Récit d’une séquestration, le film commence évidemment sur le principe du huis clos, en optant pour le point de vue de l’enfant né en captivité. Cela génère une forme de naïveté sur les conditions de vie, et un apprentissage biaisé du réel qui ont pour réel intérêt leur caractère insolite : le dehors de la pièce n’existe pas, n’est qu’une illusion générée par la télévision.
La suite contient des spoils.
La relation fusionnelle avec la mère et l’organisation de l’évasion nous livrent un thriller d’assez bonne facture, mais cette tonalité a le mérite de n’être qu’une étape d’un récit plus ambitieux, celui de la naissance au monde extérieur. Lenny Abrahamson observe minutieusement ces premiers pas, et les accidents qu’ils provoquent. La principale qualité de son regard provient de sa pudeur : à grand renfort d’ellipses, il évoque ce qui aurait pu faire l’objet d’un pathos démesuré : le regard du grand père sur l’enfant né d’un viol, l’ouverture au monde par la grand-mère et sa tendre patience, et surtout, le portrait d’une jeune fille devenue mère et en proie à ses démons. De la prison à la maison parentale, la cellule se recrée, par un jeu sur les niveaux, le sous-sol, les barreaux de l’escalier, dans des prises de vues à la symbolique un peu scolaire, mais souvent juste. Une séquence particulièrement intense, celle de l’interview avec la journaliste, renverse les perspectives et dévoile la folie latente d’une femme fusionnelle avec celui qui l’a fait tenir mais qu’elle a enfermé aussi avec elle. Cette reconquête, le temps des reproches et ce lent chemin vers l’apaisement, dévoilés par touches successives, sont souvent d’une grande pertinence, aidée par des personnages secondaires (Joan Allen, la grand-mère, mais aussi son compagnon, suffisamment neutre émotionnellement pour pouvoir injecter de la normalité dans ce foyer) tout aussi convaincant que le duo de comédiens de haut vol formé par Brie Larson et Jacob Tremblay.
Voilà de quoi s’incliner.
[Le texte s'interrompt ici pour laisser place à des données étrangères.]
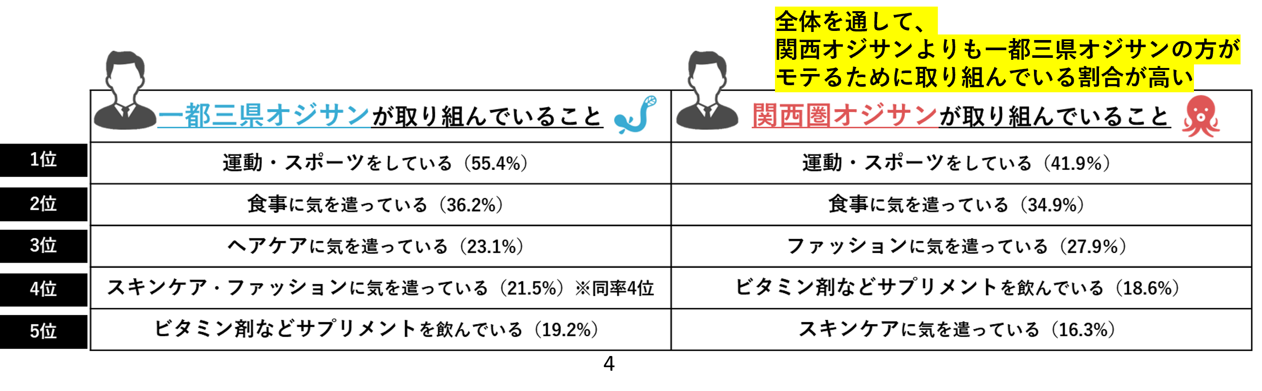 モテたいオジサン(モテたいと強くそう思っている、ややそう思っていると回答した方)に、「若々しくいるために、普段していることはありますか。」と質問したところ、全体では第一位「運動・スポーツをしている(48.6%)」、第二位「食事に気を遣っている(35.5%)」、第三位「ファッションに気を遣っている(24.7%)」という結果になりました。
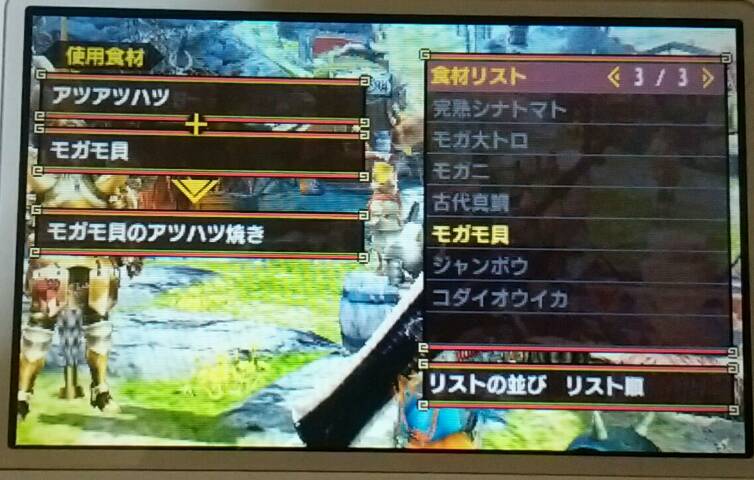 ベルナ屋台にまたメニューが増えました♪【MHX】 モンハン 2016年02月17日 HRが一気に二つ上がったので村人達の赤や黄色のフキダシ処理が予想以上に時間かかりました(p・Д・;) 話を聞くだけで大体30分ぐらいかかったと思います。 しかし、それに伴い食材「コダイオウイカ」「アツアツハツ」が手に入ったので、メニューが増えました。 わーいヾ(*´Ο`*)/ コダイオウイカ+ロックラッカセイ=コダイオウイカのリング揚げ コダイオウイカ+ゼンマイ米=コダイオウイカのイカめし アツアツハツ+リノプロシュート=リノハツサンドウィッチ アツアツハツ+ホロロース=ロースハツ丼 アツアツハツ+モガモ貝=モガモ貝のアツハツ焼き アツアツハツ+ジャンボウ=アツハツジャンボウ鍋 効果とか載せるのが正当なブログかもしれないけど、私は「美味しそうだね~」ぐらいしか書けません(笑) 遊ぶのもモチロン楽しいんだけど、こんなメニューとか考える人(カプコンの人)も楽しんで作ったんじゃないかな~と思います。 他のモンハン記事はコチラ→モンハン

Mais c’est sans compter deux éléments proprement inables, qui viennent à intervalles régulier ruiner la subtilité générale : la voix off et la musique. La première consiste à donner la parole à l’enfant (surlignée par un effet d’écho des plus irritants, pour bien signifier qu’elle est extradiégétique) qui nomme naïvement les enjeux déjà pourtant clairs à l’écran. C’est lourd, poussif, et nous prendre vraiment pour des imbéciles. La deuxième opère exactement sur le même principe : expliciter les émotions, nous servir la petite soupe de la fausse innocence au début, puis le lyrisme pompier des grands moments. Cette laque indé, déjà irritante dans les débuts de Last Days of Summer, ce qui est une véritable insulte à l’intelligence dont il sait souvent faire preuve. Dommage, il est pourtant à défendre.